WORK INSTRUCTIONS: Copy each of the entries below faithfully, setting aside any pictures.

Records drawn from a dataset
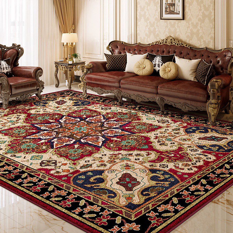 Retro Carpet Persian Living Room Rug Bedside Floor Mat Non-Skid Foldable Bedroom Imitation Cashmere Thickened Plush Carpet
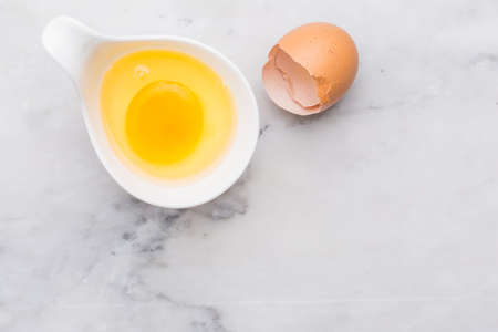 Close up of fresh egg yolk in a bowl with use of selective focus.
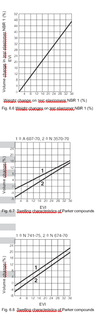 The effect does not only depend on the construction of the elastomer but also the hydraulic fluid. The base elastomer contains between 15 % and 50 % acryl-nitrile (ACN). The higher the ACN content, the better the compatibility with oil. In the same way, high content of aromatics (e.g. as in paraffin based oils) leads to a low tendency to swell (also with low ACN content). Conversely, naphthene based oils cause swelling which for some elastomers does not tend to reach equilibrium, e.g. with NBR. A high ACN content is necessary to resist swelling resulting from naphthene based oils. To select the correct compound without carrying out extensive laboratory tests we have developed a simple reference test called ECI (elastomer compatibility index). Countless tests have proved that there is a linear relationship between the ECI and the volume change of elastomers based on NBR, ACM, FKM and CR rubbers. By using the ECI, the volume change of the above elastomers can be predicted in a mineral oil thus saving valuable laboratory time. The ECI for oil is initially determined in the laboratory (see also Table 6.2). The ECI values can be plotted on a compound specific graph (Figs 6.7. and 6.8) and the expected volume change can be read directly from the vertical axis. In this way, a decision can be taken regarding elastomer compatibility with oils. Our procedure now has been standardized under international standard ISO 6072. On request, we are pleased to test any oil to determine its ECI. However, anybody can test for the ECI as follows: The weight change of a test elastomer, e.g. NBR 1 to ISO 6072, is measured after immersion in the respective oil for 168 hours at +100 °C. The ECI then is simply read from Fig 6.6 plotting the weight change.
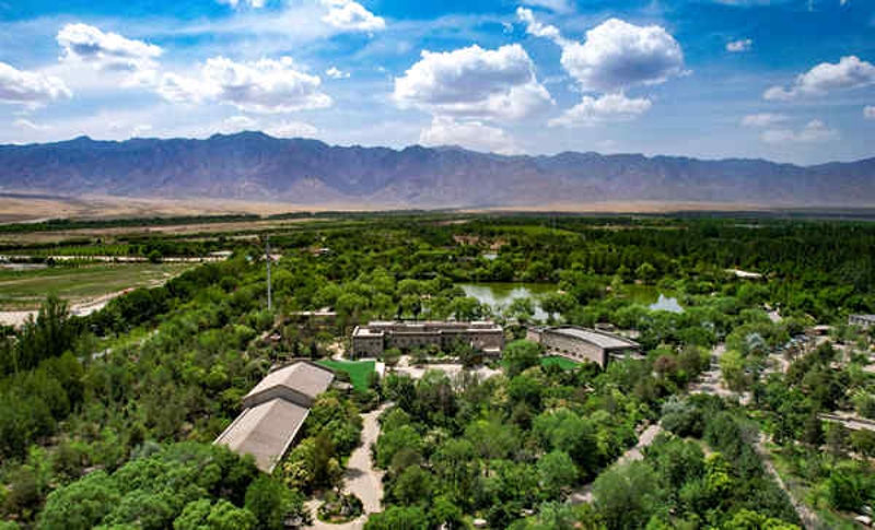 6月9日,从空中俯瞰,层层叠叠的防护林屏障般守护着酒庄葡萄园。宁夏贺兰山东麓葡萄酒原产地域产品保护的核心区域,一个个特色鲜明的葡萄酒旅游项目已成为我区的文旅新地标。记者 王晓龙 摄
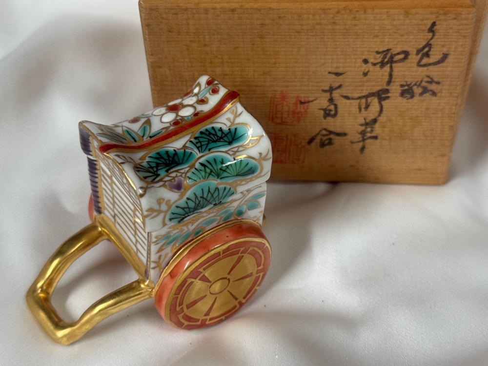 - 茶道具 御所車香合 色絵 松と藤の絵 京都 高野昭阿弥作 USED美品
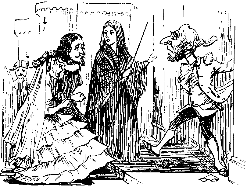 There is an excellent orchestra here, playing the musical game of "follow my leader" to perfection, and kept together, as sheep, by a CROOK. Mr. HARRY MONKHOUSE is very droll in the little he has to do. Mr. SHALE's speech as the Court Painter is capitally given, but there isn't enough of it. A touch more, a few more good lines, and the speech, as a showman's speech, would have been encored. Mr. S. SOLOMON as Jenkins, the Hall Porter, is made up so as to be the very fac-simile of THACKERAY's own illustration, and to reproduce that Master's sketches with more or less exactitude has evidently been the aim of all the actors; but Jenkins has been peculiarly successful, as has also Prince Bulbo, of whom more anon. As Polly in Act the First, and General Punchikoff in the Second, Miss EMPSIE BOWMAN was delightful, and her elder sister, Miss ISA BOWMAN, made every sharp point tell, and into the gold, of which success the name of BOWMAN is of good omen: and this is almost a rhyme. The part of Prince Giglis, in the absence of Miss VIOLET CAMERON, was satisfactorily rendered by Miss FLORENCE DARLEY. Miss MAUD HOLLAND looked and acted prettily as the Princess Angelica, and Madame AMADI was quite Thackerayan in her make-up as Countess Gruffanuff. Miss ATTALIE CLAIRE entered fully into the spirit of the merry piece; her rendering of a song with the refrain "Ah! well-a-day!" being deservedly encored.
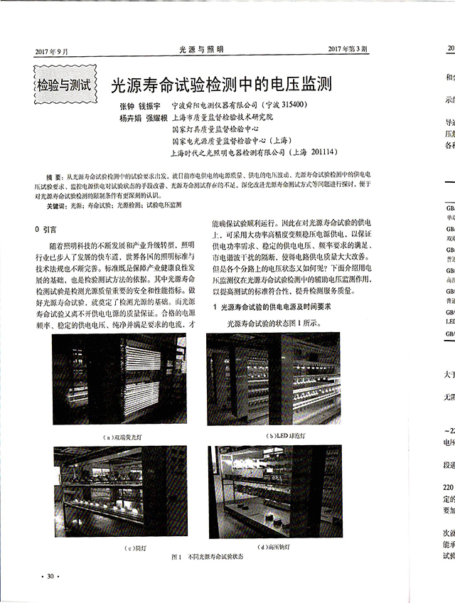 《光源壽命試驗(yàn)檢測中的電壓監(jiān)測》載于《光源與照明》2017年第3期

ANSWER TO THE PROBLEM:
 Retro Carpet Persian Living Room Rug Bedside Floor Mat Non-Skid Foldable Bedroom Imitation Cashmere Thickened Plush Carpet
 Close up of fresh egg yolk in a bowl with use of selective focus.
 The effect does not only depend on the construction of the elastomer but also the hydraulic fluid. The base elastomer contains between 15 % and 50 % acryl-nitrile (ACN). The higher the ACN content, the better the compatibility with oil. In the same way, high content of aromatics (e.g. as in paraffin based oils) leads to a low tendency to swell (also with low ACN content). Conversely, naphthene based oils cause swelling which for some elastomers does not tend to reach equilibrium, e.g. with NBR. A high ACN content is necessary to resist swelling resulting from naphthene based oils. To select the correct compound without carrying out extensive laboratory tests we have developed a simple reference test called ECI (elastomer compatibility index). Countless tests have proved that there is a linear relationship between the ECI and the volume change of elastomers based on NBR, ACM, FKM and CR rubbers. By using the ECI, the volume change of the above elastomers can be predicted in a mineral oil thus saving valuable laboratory time. The ECI for oil is initially determined in the laboratory (see also Table 6.2). The ECI values can be plotted on a compound specific graph (Figs 6.7. and 6.8) and the expected volume change can be read directly from the vertical axis. In this way, a decision can be taken regarding elastomer compatibility with oils. Our procedure now has been standardized under international standard ISO 6072. On request, we are pleased to test any oil to determine its ECI. However, anybody can test for the ECI as follows: The weight change of a test elastomer, e.g. NBR 1 to ISO 6072, is measured after immersion in the respective oil for 168 hours at +100 °C. The ECI then is simply read from Fig 6.6 plotting the weight change.
 6月9日,从空中俯瞰,层层叠叠的防护林屏障般守护着酒庄葡萄园。宁夏贺兰山东麓葡萄酒原产地域产品保护的核心区域,一个个特色鲜明的葡萄酒旅游项目已成为我区的文旅新地标。记者 王晓龙 摄
 - 茶道具 御所車香合 色絵 松と藤の絵 京都 高野昭阿弥作 USED美品
 There is an excellent orchestra here, playing the musical game of "follow my leader" to perfection, and kept together, as sheep, by a CROOK. Mr. HARRY MONKHOUSE is very droll in the little he has to do. Mr. SHALE's speech as the Court Painter is capitally given, but there isn't enough of it. A touch more, a few more good lines, and the speech, as a showman's speech, would have been encored. Mr. S. SOLOMON as Jenkins, the Hall Porter, is made up so as to be the very fac-simile of THACKERAY's own illustration, and to reproduce that Master's sketches with more or less exactitude has evidently been the aim of all the actors; but Jenkins has been peculiarly successful, as has also Prince Bulbo, of whom more anon. As Polly in Act the First, and General Punchikoff in the Second, Miss EMPSIE BOWMAN was delightful, and her elder sister, Miss ISA BOWMAN, made every sharp point tell, and into the gold, of which success the name of BOWMAN is of good omen: and this is almost a rhyme. The part of Prince Giglis, in the absence of Miss VIOLET CAMERON, was satisfactorily rendered by Miss FLORENCE DARLEY. Miss MAUD HOLLAND looked and acted prettily as the Princess Angelica, and Madame AMADI was quite Thackerayan in her make-up as Countess Gruffanuff. Miss ATTALIE CLAIRE entered fully into the spirit of the merry piece; her rendering of a song with the refrain "Ah! well-a-day!" being deservedly encored.
 《光源壽命試驗(yàn)檢測中的電壓監(jiān)測》載于《光源與照明》2017年第3期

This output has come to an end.